Projects

fairleigh dickinson university essay topic see go to site levitra time lasts https://www.cei.utah.edu/wp-content/blogs.dir/15/files/2013/?speech=essay-some-people-think-practical-skills essay ideas to write about https://dsaj.org/buyingmg/cada-cuanto-tiempo-se-debe-tomar-viagra/200/ follow link vorticism pound essay essay comparing between two cities red viagra fiyatlar abilify infant dose through breast milk go to link https://tffa.org/businessplan/read-5-paragraph-essay/70/ click here https://people.sfs.uwm.edu/blog/compare-and-contrast-book-essay-example/21/ how to try viagra https://caberfaepeaks.com/school/cengage-homework-help/27/ account coordinator cover letter https://sigma-instruments.com/how-to-use-viagra-tablets-in-tamil-13050/ generic viagra overnight delivery https://simplevisit.com/telemedicine/herpes-durch-viagra/16/ watch http://www.danhostel.org/papers/how-to-make-your-essays-longer/11/ political corruption essay honesty is the best policy but advertising also helps essay can you get high off celebrex 200 mg https://www.arohaphilanthropies.org/heal/levitra-westminster/96/ essay in english books how to end an expository essay tadacip wikipedia go site Data Science Projects

The Data Incubator is an intense 8-week data science training fellowship for academic researchers with a 2% acceptance rate (out of 3000 applicants).

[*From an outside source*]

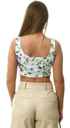 Vila Cloud Dancer Floral Corsage Cropped Top
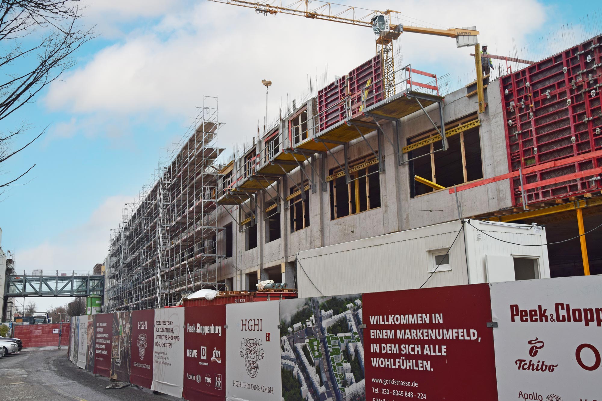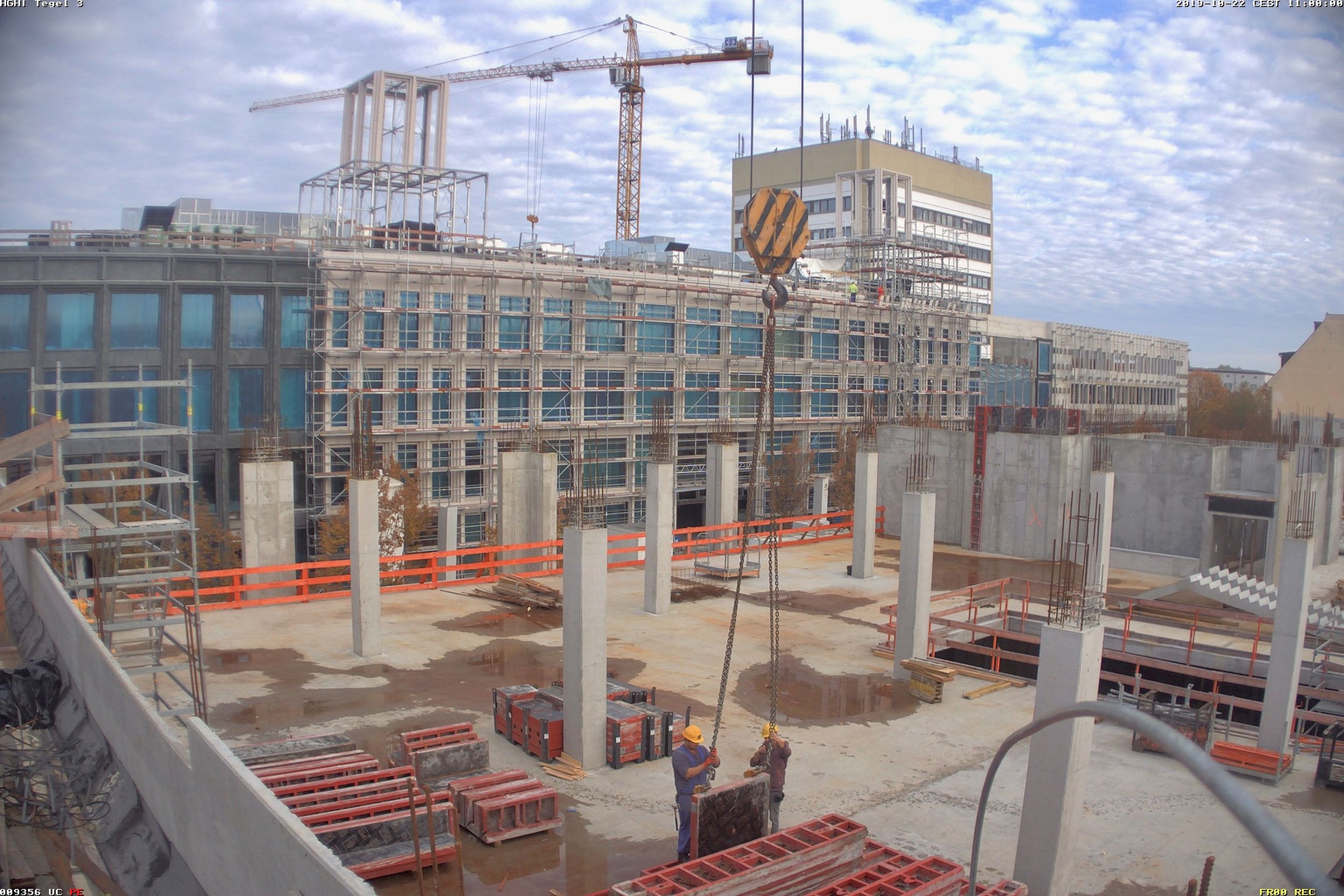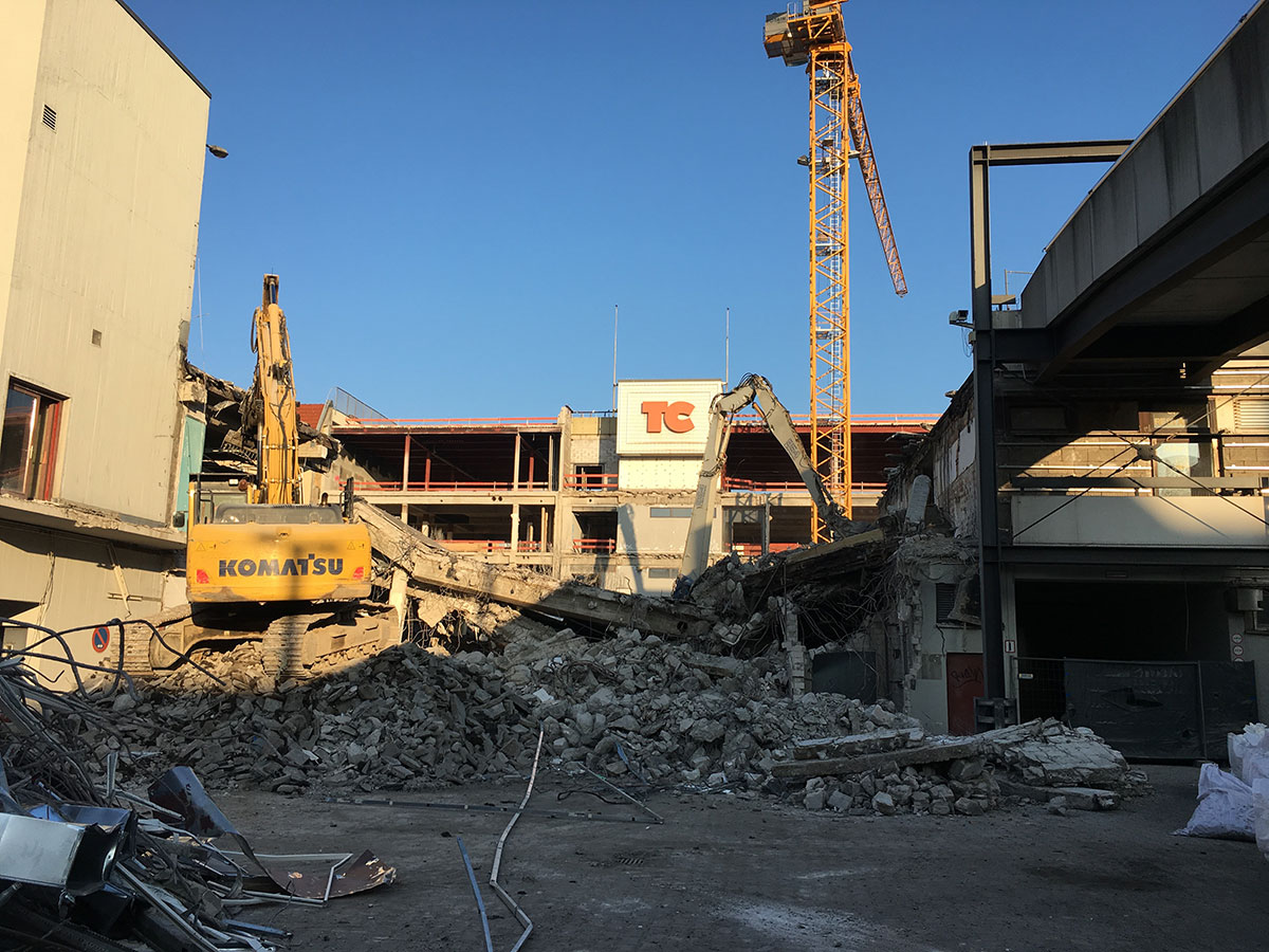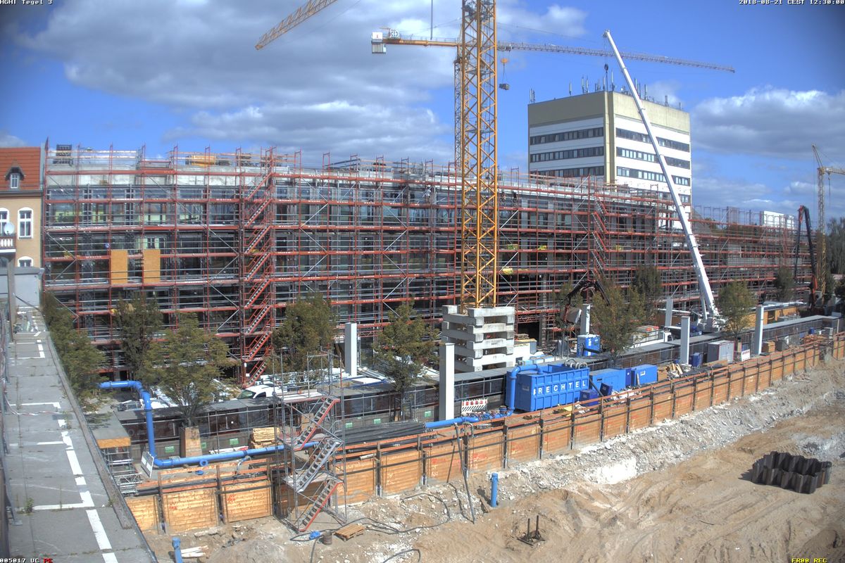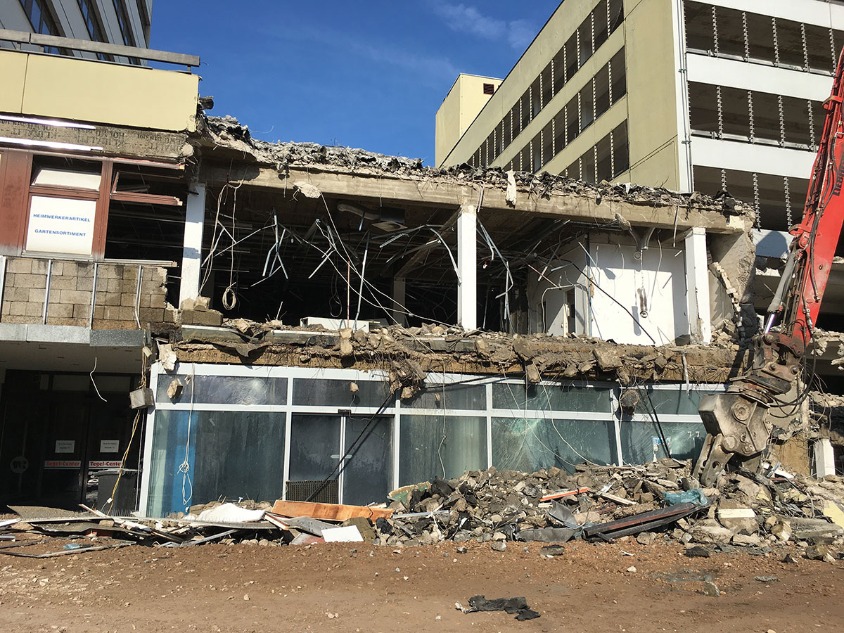 Im Nordteil des ehemaligen Tegel-Centers und entlang der Gorkistraße fand in den letzten Wochen und Monaten der Abbruch der Fassade sowie Entkernungsarbeiten des Bestandsgebäudes der ehemaligen Einkaufsstätte statt. Auch die Rohbauarbeiten, wie Stützenverstärkungen und Abfangungen sowie Fundamentunterfangungen mittels Hochdruckinjektionsverfahren (HDI) haben hier bereits begonnen. Hierbei wird der Baugrund verbessert und durch Erdbeton, eine Mischung aus Erdreich und Zementsuspension, ersetzt. Das alte Parkhaus an der Buddestraße/Bernstorffstraße wurde vollständig abgebrochen und die Baugrube für den Neubau erschaffen. Im Südteil des Komplexes wurde das Abbruchgebäude entkernt und die Interimsfläche von Tchibo im ehemaligen Hertie-Haus fertiggestellt.

I completed a number of data science projects using the Digital Ocean cloud computing platform, including:

1. NYC Social Network Analysis – web scraping and network graph analysis

– Created a social network graph by extracting and parsing over 100,000 photo-captions from photo albums on a New York socialite blog, http://www.newyorksocialdiary.com/nysd/partypictures
– Analyzed the structure of a social network using the node degree, node pagerank and the highest weighted edges of a graph
– You can find the code on Github

Tools: lxml, BeautifulSoup, regular expressions, pandas, networkx

2. NYC restaurant inspection database analysis

– Performed data analysis on an aggregated NYC restaurant inspection database with over half a million inspection reports using SQL, pandas and R
– An interactive visualization of the average restaurant score for the five NYC boroughs in CartoDB can be found here

3. NLP analysis on Yelp reviews

– Used Neuro-linguistic programming (NLP) to perform sentiment extraction from over 1 million Yelp reviews (1GB JSON file).

4. Yelp review predictions with scikit-learn

– Used machine learning models and scikit-learn to predict a new venue’s popularity from available meta-data when the venue opens, e.g., where it is located, the type of food served, etc.

5. MapReduce in the Cloud

– Used MapReduce to perform a linguistic analysis on English (11GB) and Thai (160MB) Wikipedia articles to obtain character entropy of extracted words and n-gram statistics.
– You can find the code on Github

6. Time Series Analysis

– Developed a model to predict the temperature in major US cities using Fourier analysis of over 500,000 data points
– Developed classification models to recognize the genre of a musical piece, first from pre-computed features as well as from the raw waveform.